What we prove in this paper is that in other types of arrangements unlike that of sphalerons, we can mathematically rigorously show that the two bodies cannot be kept at equilibrium.

The trick is one about symmetries. For a scalar valued function, there are basically two symmetry types you can have after reflection across a plane: even or odd. For a vector valued function, however, there are more allowed symmetries. A symmetry compatible with the reflection across a plane is just any symmetry that, when you do it twice, you recover the identity (what we call an action of $\mathbb{Z}_2$). If a function takes vector values, then besides the simple symmetries like the identity $x\to x$ and the complete negation $x\to -x$, we can also have reflections across vector-subspaces in the target. The sphaleron solution is exactly one such: it has a symmetry that is a nontrivial reflection in the target.

In our paper, we show that the two simplest symmetry types (identity and total negation) cannot lead to static equilibria. The proof essentially boils down to a statement about the internal structure of the Skyrmions, that in these types of symmetries, the complicated “region-by-region” interactions that may allow to two bodies to remain in equilibrium in fact completely cancel each other. So for these types of symmetries the interaction between two bodies is dictated only by the “total charge” of the each of them. And thus we again have that the opposites attract…

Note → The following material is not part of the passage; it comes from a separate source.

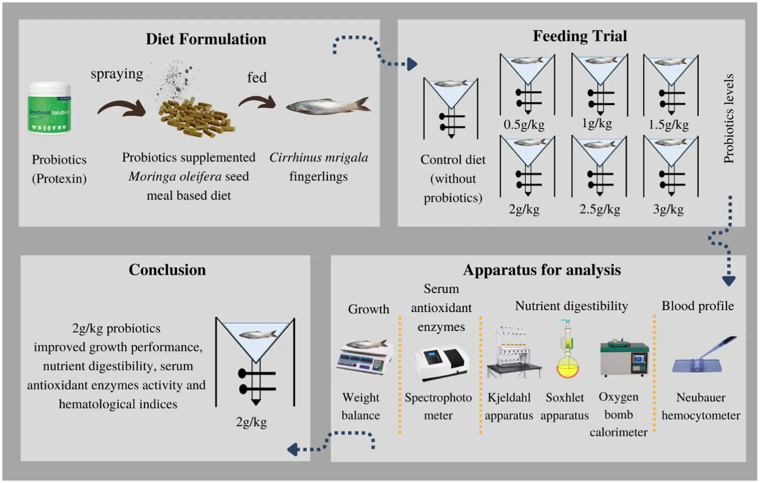 Probiotics, live and non-pathogenic microbes, are gaining significant recognition for their diverse health benefits in hosts, including improved gut health and a balanced gut microbiome (Hu et al., 2017). Multi-strain probiotics, like the commercially available protexin, offer advantages over single-strain options due to their combination of lactic acid bacteria, yeast, and fungi (Firouzbakhsh et al., 2011; Hossain et al., 2022). These microbes are essential for digestion, nutrient uptake, immunity, and disease resistance (Diwan et al., 2022). Probiotics enhance digestive enzyme efficacy, resulting in improved nutrient absorption and digestion in fish. They can also increase intestinal villi height, maximizing the surface area for nutrient uptake (Tong et al., 2023). Furthermore, probiotics upregulate antioxidant enzymes, strengthening the body’s defense system against stress (Gobi et al., 2018). Since Cirrhinus mrigala, an agastric fish, experiences extended food retention in its small intestine, probiotics can be particularly beneficial. By detoxifying harmful microbes and boosting digestive enzymes, probiotics can significantly improve nutrient absorption (Ntakirutimana et al., 2023). Therefore, this study aims to develop a new aquaculture feed formula containing varying levels of probiotics and assess its impact on growth, digestibility, antioxidant enzyme activity, and blood parameters in C. mrigala.

And now for the mathematics. What we exploit in the Skyrme model is a manifestation of the dominant energy condition: we consider is the internal stress of the solution. In general, the stress can take arbitrary sign, as long as they average out to zero so there is no bulk motion. But by imposing a symmetry condition, we require that on the mirror surface the solution has either a Dirichlet (negation symmetry) or Neumann (identity symmetry) boundary. The Skyrme model, along with some other Lagrangian field theories, has the property that on such boundaries the stress has a sign (positive if Dirichlet; negative in Neumann). Now, since there is no bulk motion in a static solution, the total stress across the mirror surface cannot be anything but zero. This in fact forces the solution to have both a Dirichlet and a Neumann boundary condition. Using certain properties associated to the ellipticity of the static solution (either the maximum principle or strong unique continuation), we can then conclude that the solution must then vanish everywhere.